__Available data__.

******************************

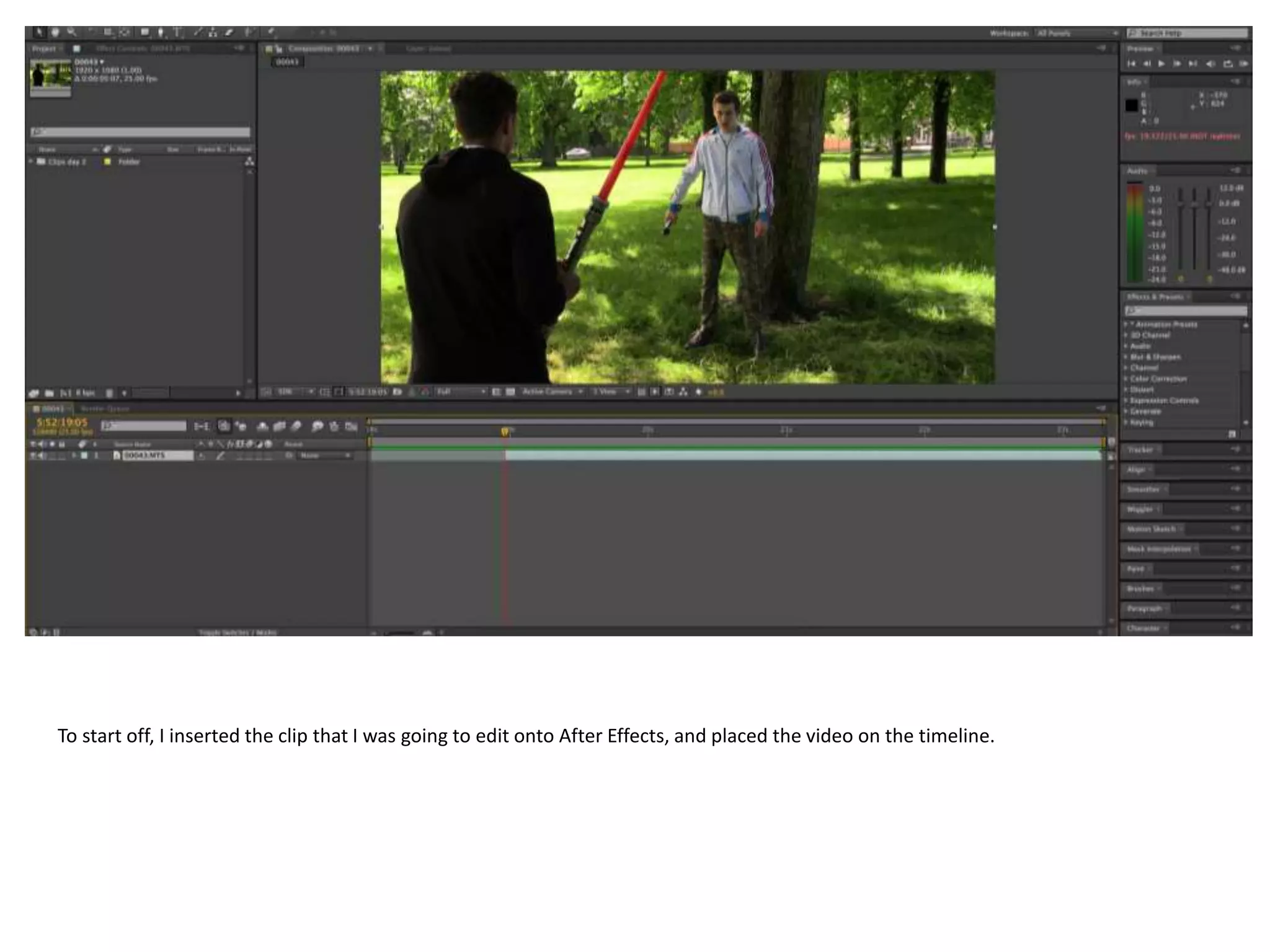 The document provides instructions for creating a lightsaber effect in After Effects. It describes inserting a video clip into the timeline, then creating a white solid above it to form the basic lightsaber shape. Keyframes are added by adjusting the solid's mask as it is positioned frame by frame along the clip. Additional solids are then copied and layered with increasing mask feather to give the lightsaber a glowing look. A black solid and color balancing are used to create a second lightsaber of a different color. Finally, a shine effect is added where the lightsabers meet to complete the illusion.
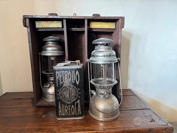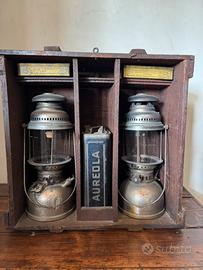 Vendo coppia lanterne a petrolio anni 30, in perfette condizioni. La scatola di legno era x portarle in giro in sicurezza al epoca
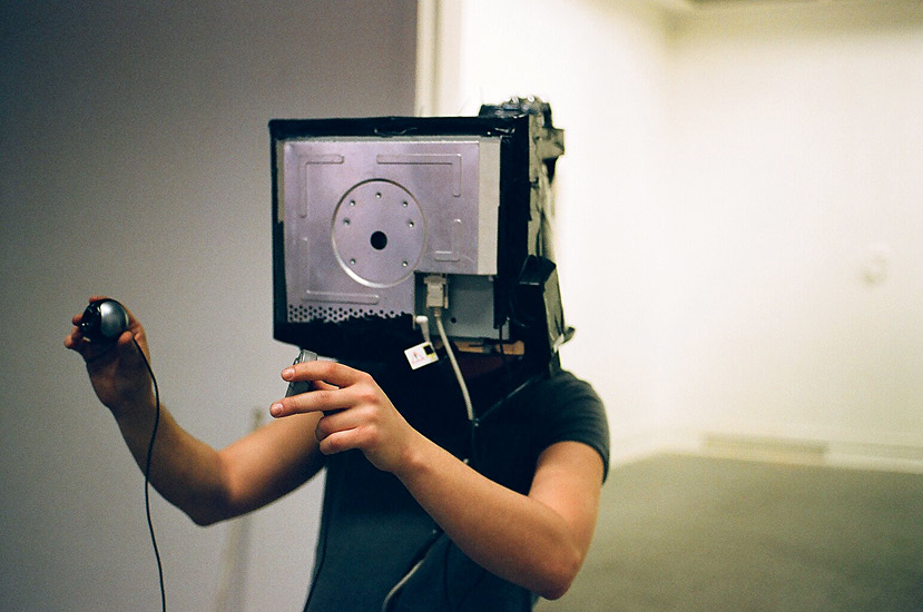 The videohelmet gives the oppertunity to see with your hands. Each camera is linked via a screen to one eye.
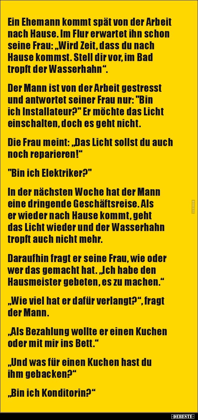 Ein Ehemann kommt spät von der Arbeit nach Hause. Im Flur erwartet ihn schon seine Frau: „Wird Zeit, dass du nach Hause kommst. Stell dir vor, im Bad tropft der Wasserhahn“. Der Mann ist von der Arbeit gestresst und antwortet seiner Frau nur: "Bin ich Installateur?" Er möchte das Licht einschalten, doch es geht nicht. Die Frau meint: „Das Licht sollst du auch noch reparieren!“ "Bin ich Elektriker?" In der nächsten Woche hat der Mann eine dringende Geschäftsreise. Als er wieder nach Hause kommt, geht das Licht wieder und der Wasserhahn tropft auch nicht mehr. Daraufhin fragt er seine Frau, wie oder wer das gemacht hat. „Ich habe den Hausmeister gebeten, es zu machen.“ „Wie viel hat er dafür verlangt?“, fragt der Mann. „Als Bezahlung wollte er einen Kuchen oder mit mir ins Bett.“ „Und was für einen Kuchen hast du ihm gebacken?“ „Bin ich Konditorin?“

******************************

__What you should do__.
From the first line of the listing above, repeat every line through the one holding "The videohelmet gives". Both ends count, and pictures stay out.

__Answer space__.
 The document provides instructions for creating a lightsaber effect in After Effects. It describes inserting a video clip into the timeline, then creating a white solid above it to form the basic lightsaber shape. Keyframes are added by adjusting the solid's mask as it is positioned frame by frame along the clip. Additional solids are then copied and layered with increasing mask feather to give the lightsaber a glowing look. A black solid and color balancing are used to create a second lightsaber of a different color. Finally, a shine effect is added where the lightsabers meet to complete the illusion.
 Vendo coppia lanterne a petrolio anni 30, in perfette condizioni. La scatola di legno era x portarle in giro in sicurezza al epoca
 The videohelmet gives the oppertunity to see with your hands. Each camera is linked via a screen to one eye.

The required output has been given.